Last night Dominic noticed that my light was still on about 11 o'clock, so he came back to check on me. This is what he found. I had gone to sleep reading. The book is On, Off by Colleen McCullough. I've been reading a lot of mysteries recently, but of what I call the fluff variety - quick, easy reads that you don't have to think about, with 'girl sleuths' who cook or knit or have herb shops. The books include recipes or knitting patterns.

On, Off is NOT fluff. Colleen McCullough is a wonderful writer. I was not aware that she had written any mysteries until I saw this on the library shelf. One of my favorite books (I've read it at least three times) is her The Ladies of Missalonghi. It's short - under 200 pages - and delightful.

Tuesday, September 11, 2007

I'm Out of My Gourd

Of course my children (and perhaps my siblings) would probably say I always have been.

The Mayfield/Graves County Art Guild is hosting All About Gourds, its sixth annual juried exhibit of gourd art, with entries from gourd artists from around the country, now through the end of October. I was there today for the weekly fiberarts group, and took a few pictures of works by local people that I could ask permission to put their work on my blog. Ronn and Fred happened to be in the building, which made it very easy to ask them, and I figured Fred could speak for his wife.
In July, Margaret Merida brought a box of these squares and circles of gourd to one of the Tuesday morning fiber-art groups, and sat there sanding them with a spongy sanding block. She wasn't sure just how she would make something wearable with them, but that was her intention. She makes wonderful vests and jackets using quilting techniques, and dyeing much of the fabric herself, so a vest was a natural project for the gourd pieces. I wish I could have gotten a picture of the lining - it's a beautiful fabric.
Margaret taught art in a high school in Louisville for years, and retired to Graves County several years ago. Her husband Fred had an art gallery in Louisville, and is very knowledgable about art. He also is very creative. Last year he had a full size replica of their dog (I forget what breed it is, but it's one of the big ones) made of gourds in the All About Gourds show.
Here are two of his entries this year. This woman is full size. The taller giraffe is Fred's, while the shorter one is by Ronn Moyers, who has a BA in art from Murray State University and is very active in the Art Guild. He was there today helping prepare for the Gourd Patch Festival which will be held on Saturday.
This is the third year for the festival. There will be people demonstrating various crafts, including wheel-thrown pottery, wood carving and gourd crafts.
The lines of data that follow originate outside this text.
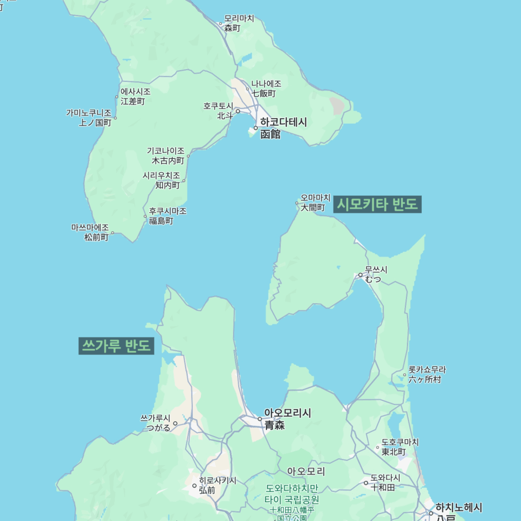 왼쪽에 있는 ‘쓰가루 반도(津軽半島)’, 오른쪽에 있는 ‘시모키타 반도(下北半島)’에요.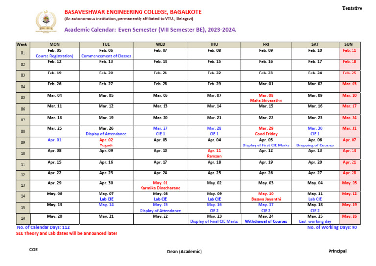 Academic Calendar: Even Semester (VIII Semester BE), 2023-2024.
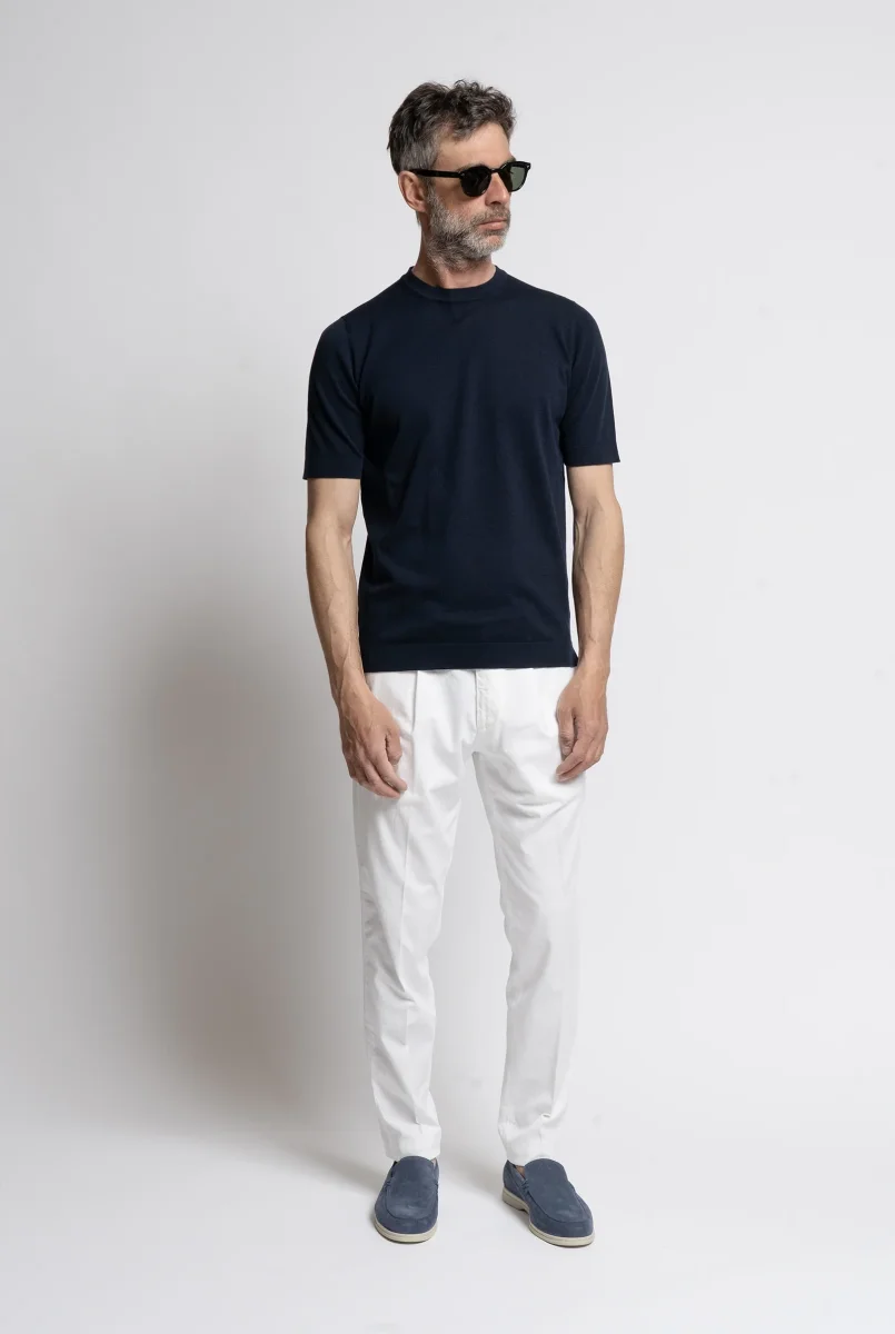 Maglia Manica Corta cotone “crépe” Girocollo Blu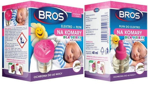 BROS ELEKTRO + 2X PŁYN NA KOMARY DLA DZIECI 60 nocy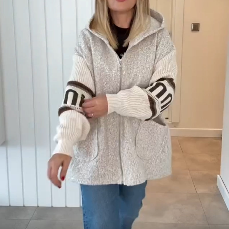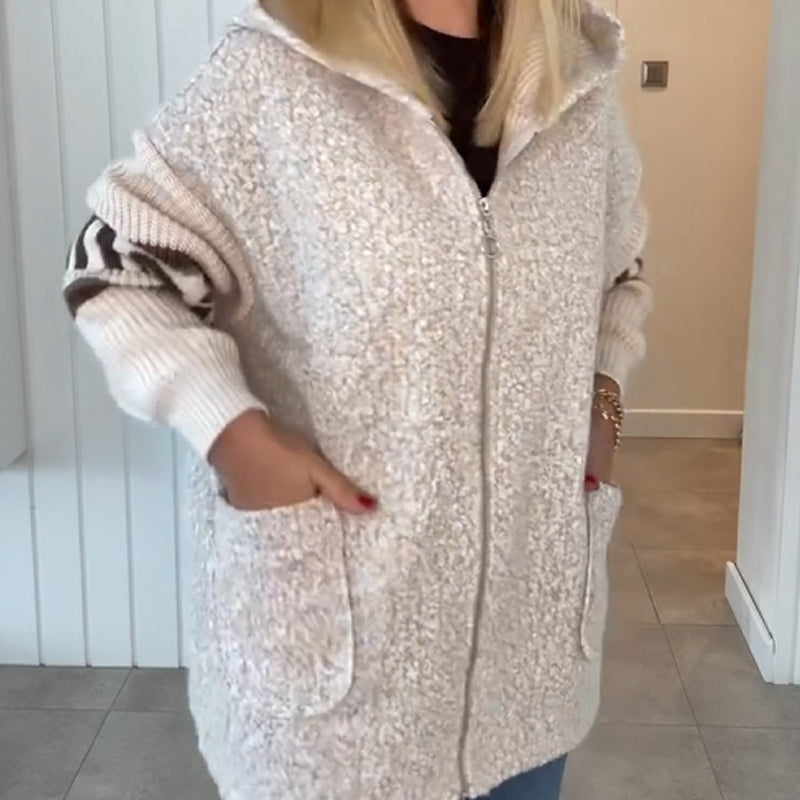 Women's Casual Spliced Knit Zip Hooded Coat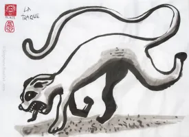 - peindre: là c'est votre style qui va dicter et faire voyager votre pinceau, mais gardez à l'esprit trois particularités: d'une part, on tient le pinceau assez verticalement, mais on peut appliquer avec le pinceau divers types de touches: touches pleines (verticales, noires), des touches étalées (mouvement latéral d'un pinceau penché: un coté bien noire et précis, un coté un peu dilué), des touches en pointillées (cf le sol de La méditation du panda) et des touches en volutes (poser + tourner sur lui-même un pinceau assez sec / cf barbe de L'esprit tentaculaire). D'autre part, on peut appliquer l'encre sur un papier sec ou mouillé, de même que l'on peut ajouter de l'eau (rapidement) pour diluer les bords d'un trait. Enfin, on peut diluer l'encre de Chine afin de faire autant de nuances de gris que l'on souhaite, et là, c'est vrai que les godets en porcelaine, ou la marguerite, sont tout simplement géniaux.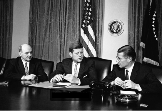 Các lãnh đạo, từ trái qua: Dean Rusk, Kennedy, McNamara
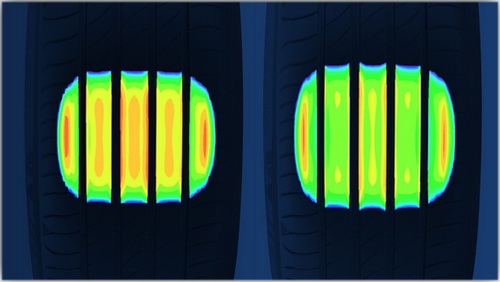 Высокий уровень сцепления шины с дорогой благодаря равномерному распределению давления при ускорениях, торможениях и маневрировании на протяжении всего срока службы шины.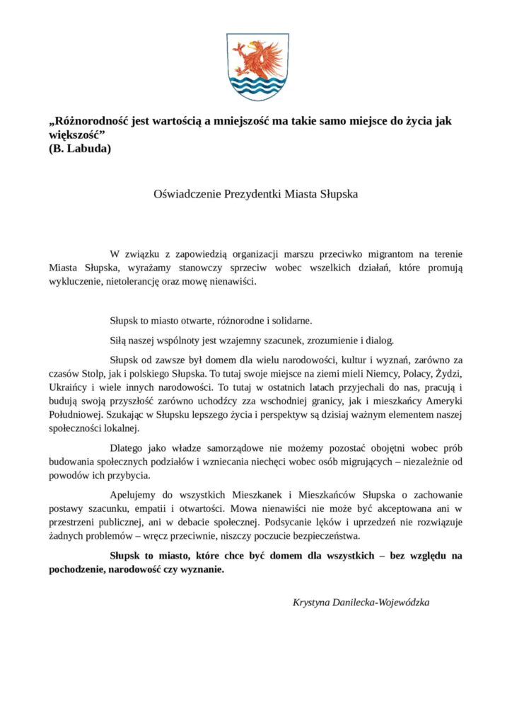 W odpowiedzi na zapowiedź marszu Krystyna Danilecka-Wojewódzka, prezydent Słupska, wydała oświadczenie, w którym wyraziła stanowczy sprzeciw wobec wszelkich działań promujących wykluczenie, nietolerancję oraz mowę nienawiści.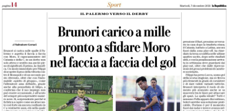 L'edizione odierna de "La Repubblica" si sofferma sul derby tra Catania e Palermo in programma domenica e sul duello a...

Last year I demonstrated spinning, but I don't think I feel like doing it again this year. There'll also be activities for children, live entertainment, food and other vendors, etc.
This is what I've been working on for the last several days. Nice small, easy projects using up leftover yarn from my projects or someone else's. Each headband/earwarmer takes about two hours and uses less than an ounce and a half of yarn. They are all acrylic; I plan to donate them to the Paducah Cooperative Ministries for the people they serve at their homeless shelter or otherwise.
I'm slowly decreasing the stash - about 32.5 pounds so far this year.
Yesterday was my monthly (actually every four weeks) visit to the oncologist. Still responding well to the treatment. My blood is about the right consistancy, so I'm to continue the Coumadin at the current dosage, and don't need to have it tested again until I go there for my regular visit on October 8.
It is now 14 weeks since my hip replacement. I'm still walking slower than I did a few years ago, but I'm improving. I can also bend a little farther without discomfort - not all the way down to the floor, but close. I managed to cut the nails on the right foot yesterday (I did the left one, the easy one, a few days ago), so I was able to wear socks and loafers today - my feet were chilly this morning in sandals.
We've had some rain most days for the last week, so the grass has resumed growing. I hear my neighbor out in her yard now mowing, and it sounds like the guy across the road is baling hay in his mini-meadow there. The temperature has started dropping, and it's getting dark a lot earlier than it did in high summer. I have the A/C off and the windows open. I hope I can keep it that way for the next several weeks.

Saturday, September 8, 2007

Gone to the dogs

Or rather, the dog keeps coming to us. It belongs to one of the neighbors, but in the last few days it has spent a good bit of time on our porch. It also greeted me when I drove up on Tuesday. It looks really comfortable in that chair, doesn't it? Didn't even lift its head when I went out the door with the camera.

We've been having rain part of each day for the last four or five days, so the grass is growing again. I guess we need to take the gas can to the station and fill it up. Of course it's too wet now to mow, but after we have a day without rain, we'll have to start mowing again.

Wednesday, September 5, 2007


We're finally getting some rain! Monday afternoon we had a terrific storm here in Milburn, but in Mayfield, 15 miles east, they had only black clouds and a few drops. The wind and the deluge started simultaneously, so I didn't have a chance to lash the porch swing to the post. I'm always afraid it will hit the window when it is blown that hard, but so far it hasn't. The storm lasted almost 15 minutes. One of the lightweight, resin chairs got blown off the front porch. Everything on the back porch is too heavy to move except in hurricane- or tornado-force winds. It's also a little more protected than the front.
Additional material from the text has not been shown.